We had a great experience at gBETA program in Madison. We had the opportunity to receive feedback from the program managers, as well as mentors in the community.
What steps have you taken to secure funding for your company and what, if anything, would you do differently if you had to start over?
I think we had a great start for fundraising in the early stages of the company by participating in competitions and entrepreneurial events. Since later stages of the fundraising process depend on the growth of the company, we would probably have tried to facilitate the basis for a faster growth. This would allow us to reach out for private funding quicker.

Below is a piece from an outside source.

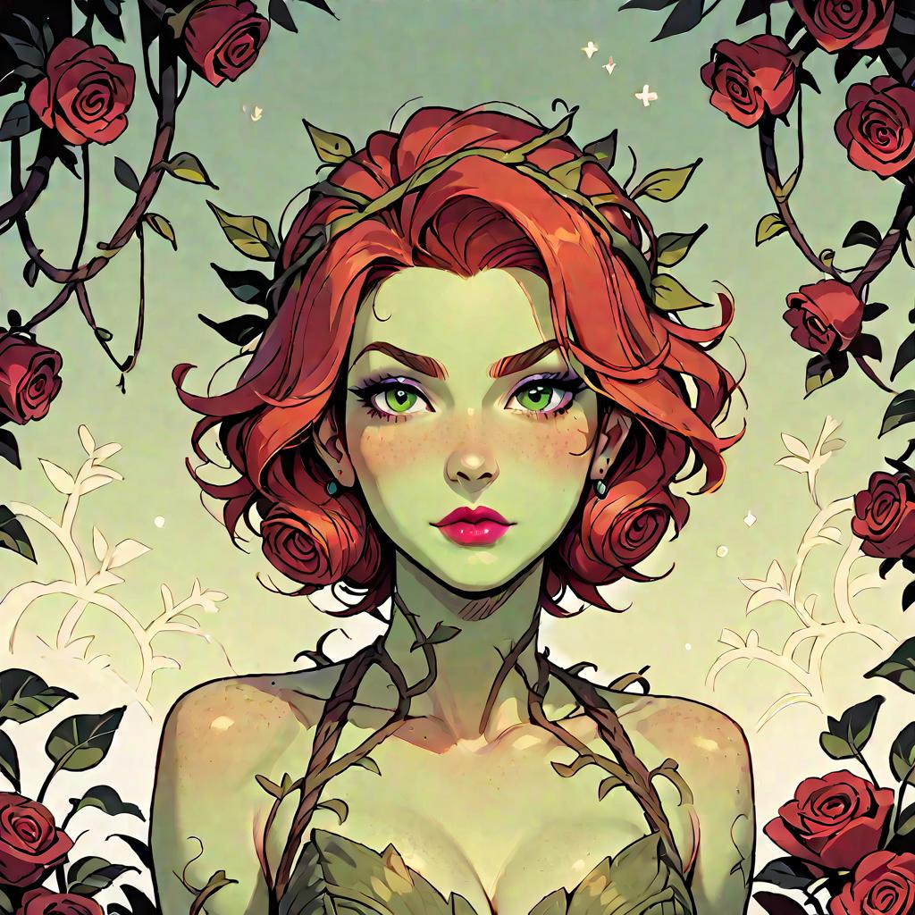 Digital illustration of a female character inspired by Poison Ivy, featuring green skin and bright green eyes. She has short, wavy red hair adorned with thorny vines and roses. The character wears a green leaf-themed leotard with thorny vines wrapping around her shoulders and chest. The background includes large red roses and dark green leaves, enhancing the botanical and nature-inspired theme. The artwork is styled reminiscent of Adam Hughes with a blend of western cartoon aesthetics.
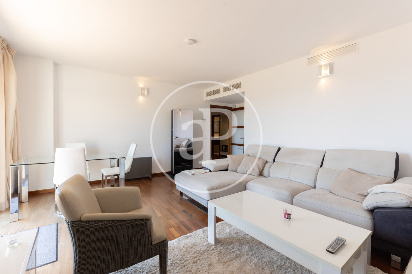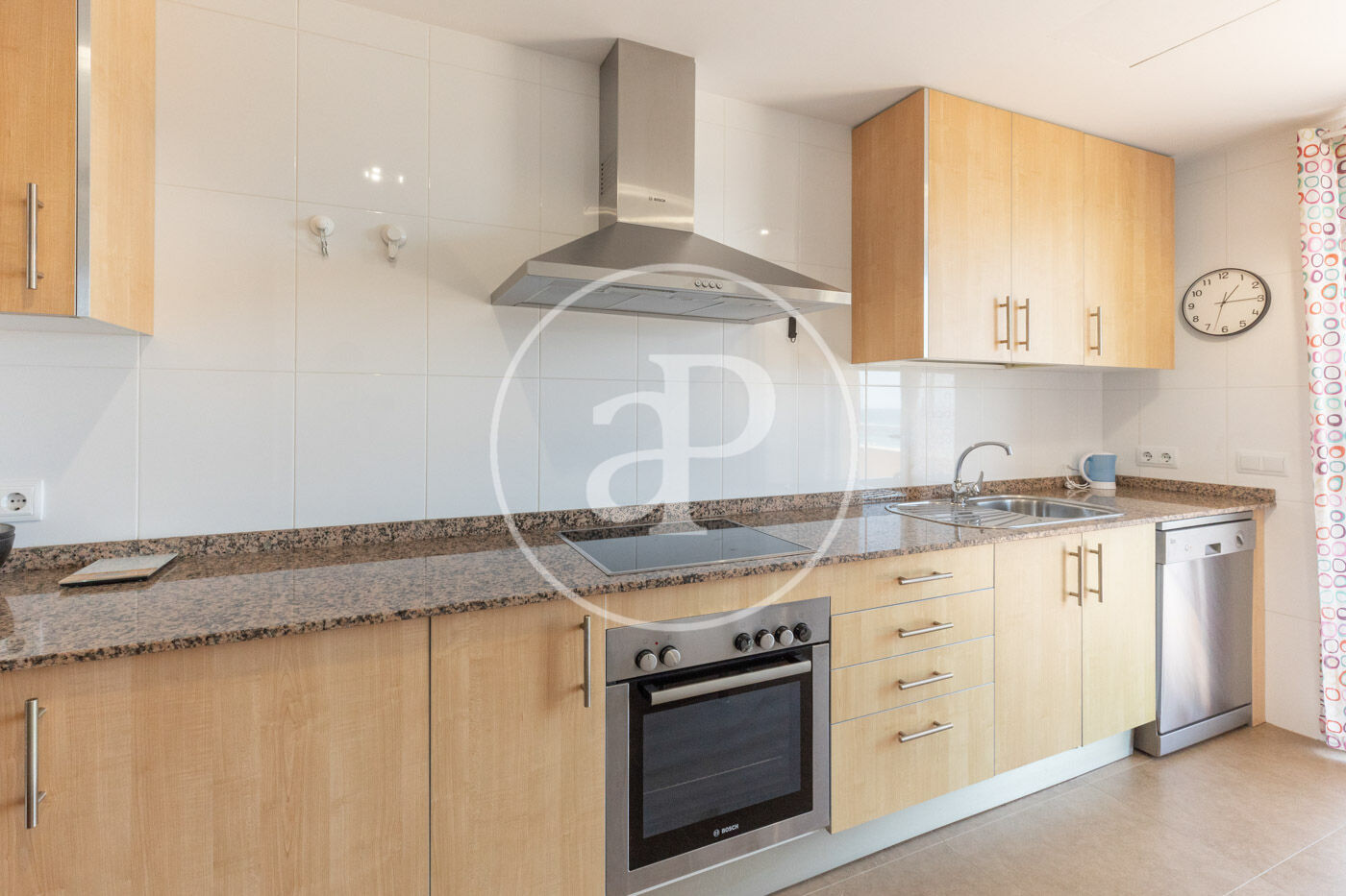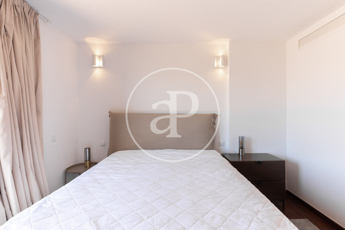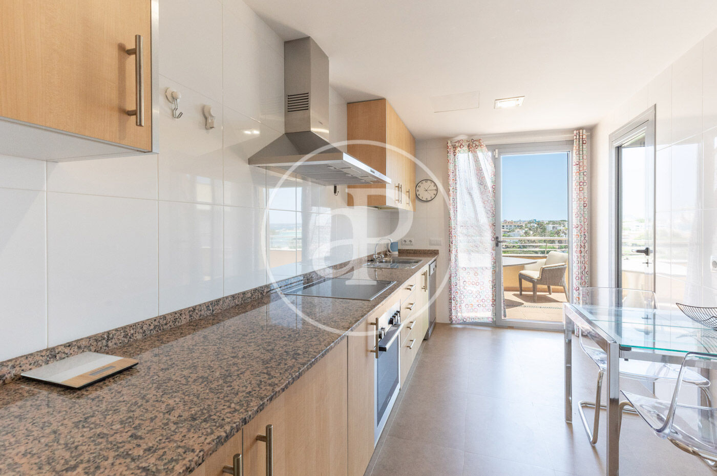 Durch den Eingang der Wohnung, der durch den Flur führt, gelangt man rechter Hand in die voll ausgestattete Küche, neben der sich ein Hauswirtschaftsraum befindet. Über den Balkon gelangt man auch in das schöne und moderne Wohnzimmer und dann in den Flur. Es gibt auch zwei Schlafzimmer in der Wohnung: ein Hauptschlafzimmer mit eigenem Bad mit Badewanne und Ausgang zu einem zweiten Balkon, von dem aus wir die Aussicht auf die Berge bewundern können, und ein zweites zusätzliches Schlafzimmer. Außerdem haben wir Zugang zu einem Badezimmer mit Dusche und einem Parkplatz.

What questions have you had as an entrepreneur of a fledgling startup that you had a particularly hard time finding the answers to?

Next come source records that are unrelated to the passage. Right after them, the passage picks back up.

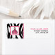 Étiquette d'adresse de retour pour les enseignants avec une illustration du logo Pink Schoolhouse à gauche sur un arrière - plan imprimé zèbre avec garniture rose. Personnalisez avec votre nom et votre adresse à droite.
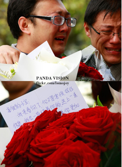 在現(xiàn)場(chǎng)用相機(jī)記錄這一場(chǎng)面的華人攝影師王世瑞在電話(huà)中告訴中新社記者,“我是第一次拍攝這樣的照片,失蹤留學(xué)生的家屬們拿著親友的相片,哽咽不已的講述故人往事,我的眼淚也止不住的流淌,拍照的手都在發(fā)抖!
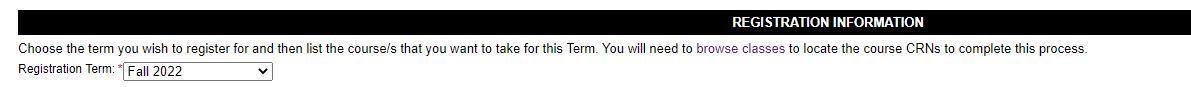 Choose CORRECT TERM. Class information will not populate if term and CRNs don’t match. The student can click BROWSE CLASSES to use the Class Search.
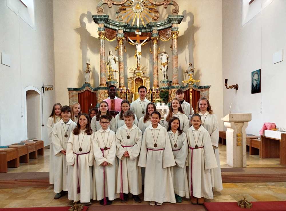 Anschließend überreichte die Leiterrunde die gesegneten Plaketten an die Neulinge als Symbol für die Zugehörigkeit zur Ministrantengemeinschaft. Alle Ministranten freuten sich gemeinsam mit Kaplan Napoleon Savariraj über die junge Unterstützung im Kirchendienst.
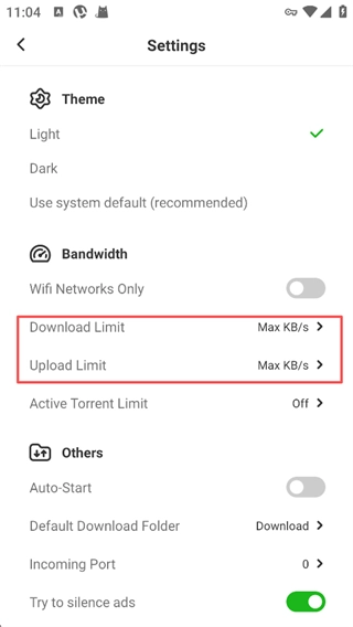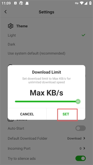 5、调试完成后点击【SET】按钮进行设定。如此一来,当你在安卓设备上进行种子流操作时,新的速度就会被设置为uTorrent的速度上限。
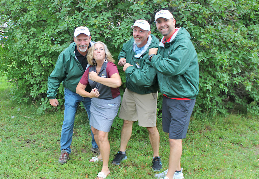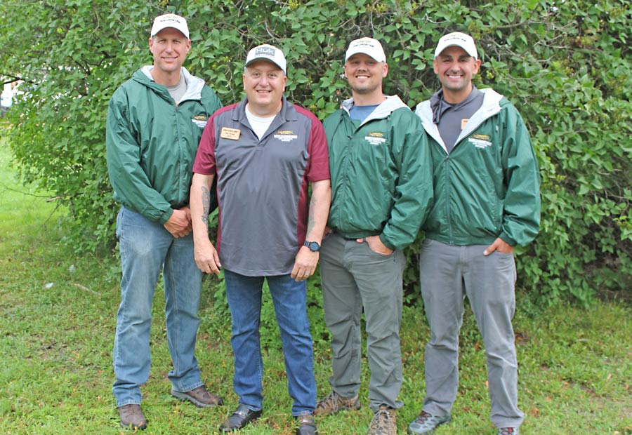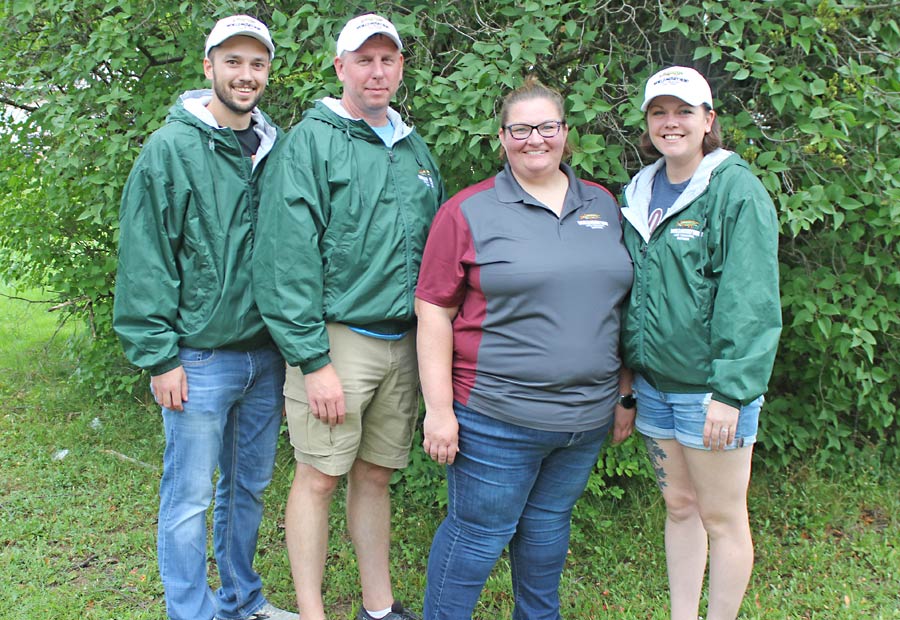 Sportsmans Repair Shop 2023 - Bob Knoll, Randy Lewandowski, Greeter Sally Salber, Amy Weeks

One question in particular for me is how to start the conversations with relevant investors, philanthropists and foundations in the area where we are located, the Midwest.

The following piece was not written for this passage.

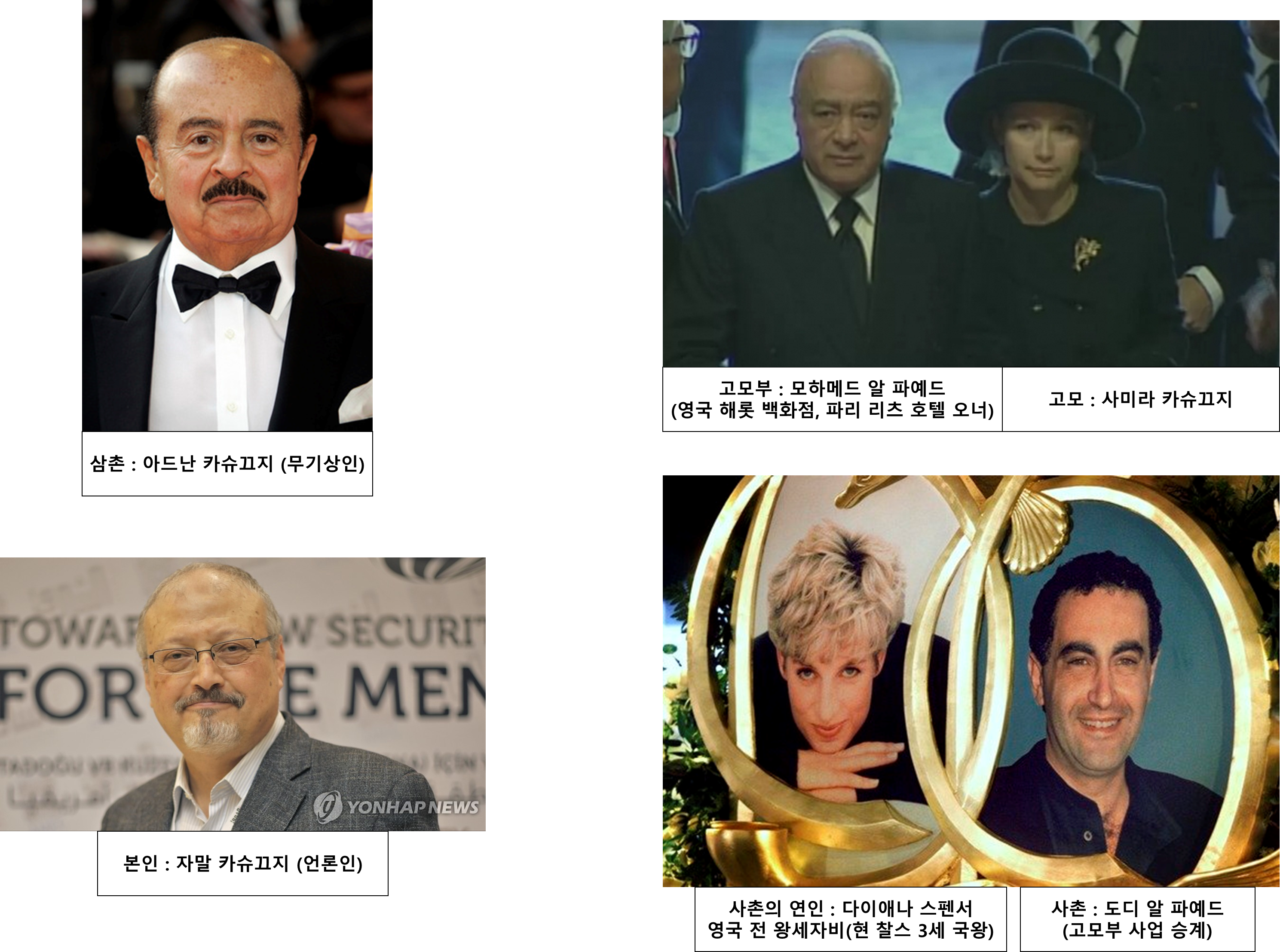 자말 카슈끄지의 가문은 유명한 인사가 정말 많다. 그의 삼촌 아드난 카슈끄지는 전설로 불리는 무기상인이었다. 우리나라에서는 로비스트 린다 김이 아드난 카슈끄지와 인연이 있었다고 주장하여 유명하다. 자말 카슈끄지의 고모 사마라 카슈끄지의 남편은 바로 영국 해롯 백화점, 파리 리츠 호텔의 오너인 모하메드 알 파예드이다. 그리고 사마라 카슈끄지와 모하메드 알 파예드 사이에 태어난 아들이 바로 영국 찰스 3세 국왕의 전처였던 다이애나 왕세자비와 연인이었던 도디 알 파예드였다. 즉, 자말 카슈끄지와 도디 알 파예드는 사촌 관계인 것이다.
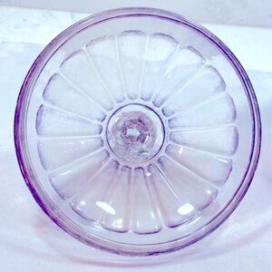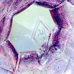Antique Heisey Carnival Glass Rare extra wide Covered Candy Jar. The candy jar is a very early example of Carnival Glass from 1923. The Candy Jar is Clear Amethyst With stunning purple Iridescence. The candy jar is signed Heisey on the bottom. The listing includes the candy jar and the lid. The cover has a very fancy cut glass finial. The candy jar is 7 1/4 inches tall and 5 3/8 inches wide. The candy jar and lid are in excellent condition.

What challenges, if any, are you grappling with?
- Logistics: We are trying to figure out all the details of the product shipment, customs clearance, storage at a warehouse and last mile delivery of our offerings.
- Fundraising: We are raising our seed round that enables us to serve 2000 customers by the end of 2018.
What is the most helpful tip or “hack” you’ve ever learned, stumbled across, or been given?
This is a piece of advice that I always remember. It is important to remember that whatever we do, we are always dealing with other people. We have to treat them the way we would want to be treated. Being friendly and helpful with a nice smile on your face goes a long way!
Is there anything else you would like to share about your company?
We are a for-profit social enterprise. Based on our projections, we will serve 5 million households (25 million people) in DRC by 2026. We would love to reach out to mentors, advisors, and investors who understand the importance of the problem and are willing to support us to reach our goals.